- _EXERCISE GOAL_
Write out the listing exactly, dropping any picture it contains.

- _DATASET EXCERPT_
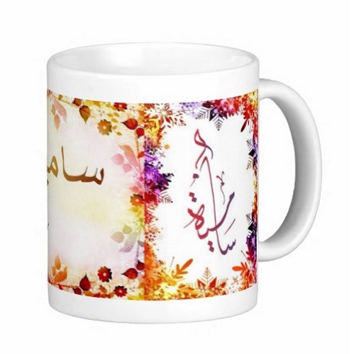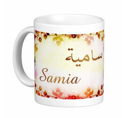 Mug avec le prénom "Samia" écrit en français, en arabe (سامية) et calligraphié de façon artistique en arabe sur la partie droite.
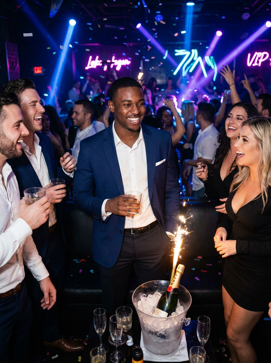 model at bachelor party club VIP section, bottle service, party atmosphere, sharp outfit, nightlife scene
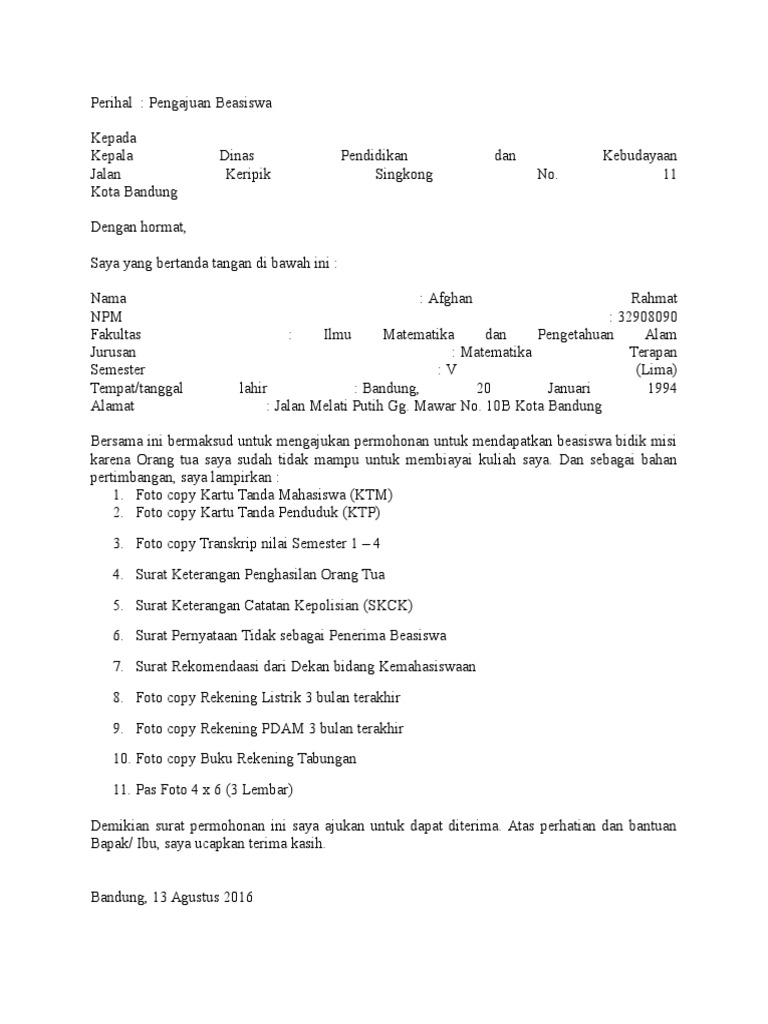 25+ Contoh Surat Permohonan Beasiswa Terlengkap - Contoh Surat
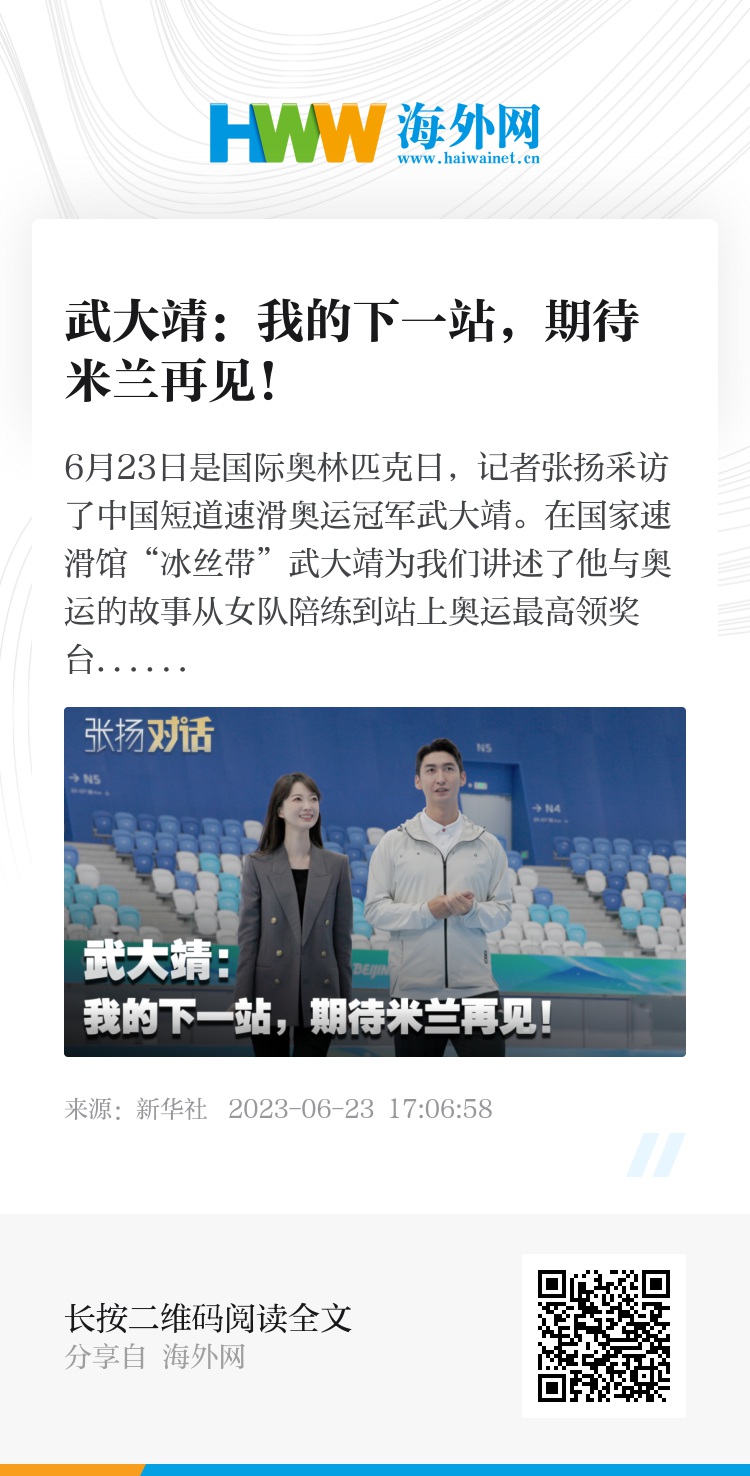 6月23日是国际奥林匹克日,新华社记者张扬采访了中国短道速滑奥运冠军武大靖。

- _EXPECTED ANSWER_
 Mug avec le prénom "Samia" écrit en français, en arabe (سامية) et calligraphié de façon artistique en arabe sur la partie droite.
 model at bachelor party club VIP section, bottle service, party atmosphere, sharp outfit, nightlife scene
 25+ Contoh Surat Permohonan Beasiswa Terlengkap - Contoh Surat
 6月23日是国际奥林匹克日,新华社记者张扬采访了中国短道速滑奥运冠军武大靖。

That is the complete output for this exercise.